WORK TO BE COMPLETED
The line holding "Ik rijd meteen" is the last one to output; start at the first line of the data, keep every line in between exactly, and leave out pictures.

SUPPLIED MATERIAL
=== Begin Enclosure ===

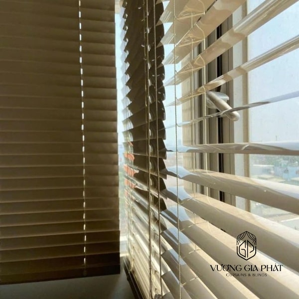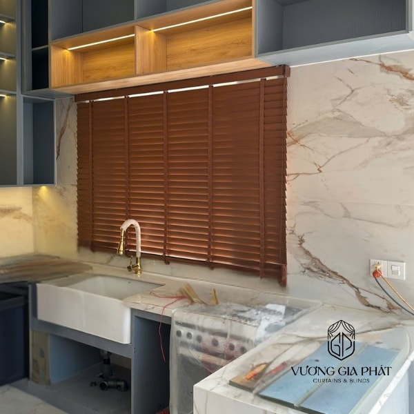 - Rèm sáo gỗ màu tự nhiên: Tạo cảm giác ấm cúng, sang trọng.
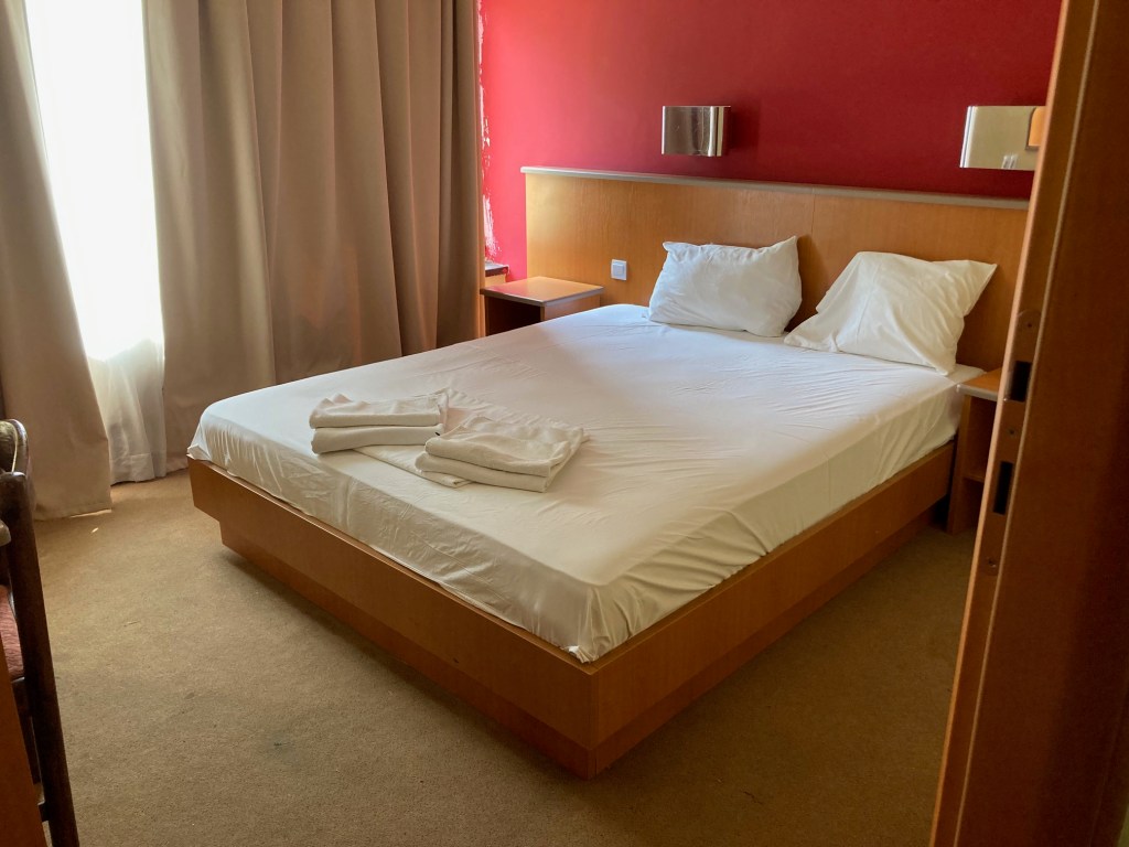 Ik rijd meteen verder naar Camping Bellevue in Skopje. Het kampeerterrein is vervallen en de poort is gesloten. De accommodatie behoort bij het naastgelegen Hotel Bellevue. Bij de receptie wacht een vriendelijk onthaal. De receptionist biedt de mogelijkheid om een bungalow te huren voor 25 €. Naast het vakantiehuis is parkeergelegenheid voor de bus. Het is een 4-persoons bungalow. Vandaag heb ik 3 slaapkamers en een privé badkamer. Dat lijkt stilaan op een grote villa.
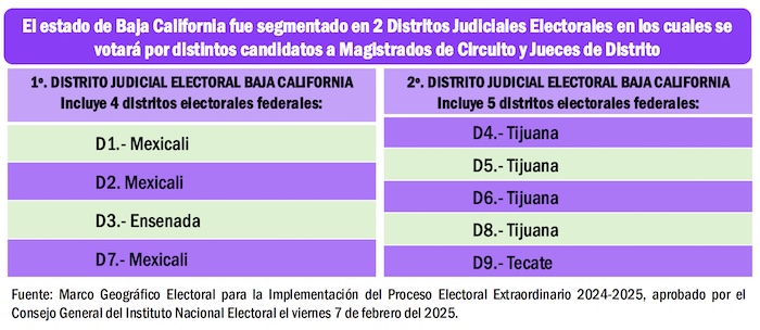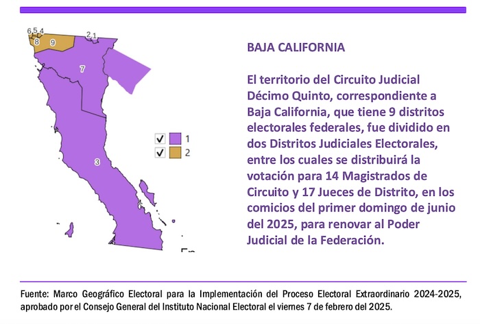 El territorio del Circuito Judicial Décimo Quinto, correspondiente a Baja California, que tiene 9 distritos electorales federales, fue dividido en dos Distritos Judiciales Electorales, entre los cuales se distribuirá la votación para 14 Magistrados de Circuito y 17 Jueces de Distrito, en los comicios del primer domingo de junio del 2025, para renovar al Poder Judicial de la Federación.
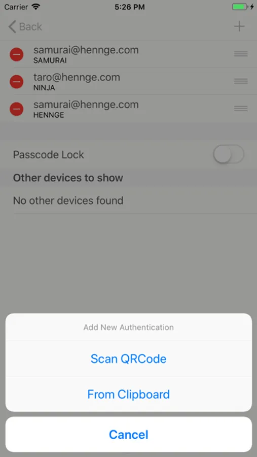 HENNGE OTP Generator supports multiple authentication source. You may use QR codes, or URLs copied onto the clipboard to add authentication config.

=== End Enclosure ===

RESULT FOR THIS TASK
 - Rèm sáo gỗ màu tự nhiên: Tạo cảm giác ấm cúng, sang trọng.
 Ik rijd meteen verder naar Camping Bellevue in Skopje. Het kampeerterrein is vervallen en de poort is gesloten. De accommodatie behoort bij het naastgelegen Hotel Bellevue. Bij de receptie wacht een vriendelijk onthaal. De receptionist biedt de mogelijkheid om een bungalow te huren voor 25 €. Naast het vakantiehuis is parkeergelegenheid voor de bus. Het is een 4-persoons bungalow. Vandaag heb ik 3 slaapkamers en een privé badkamer. Dat lijkt stilaan op een grote villa.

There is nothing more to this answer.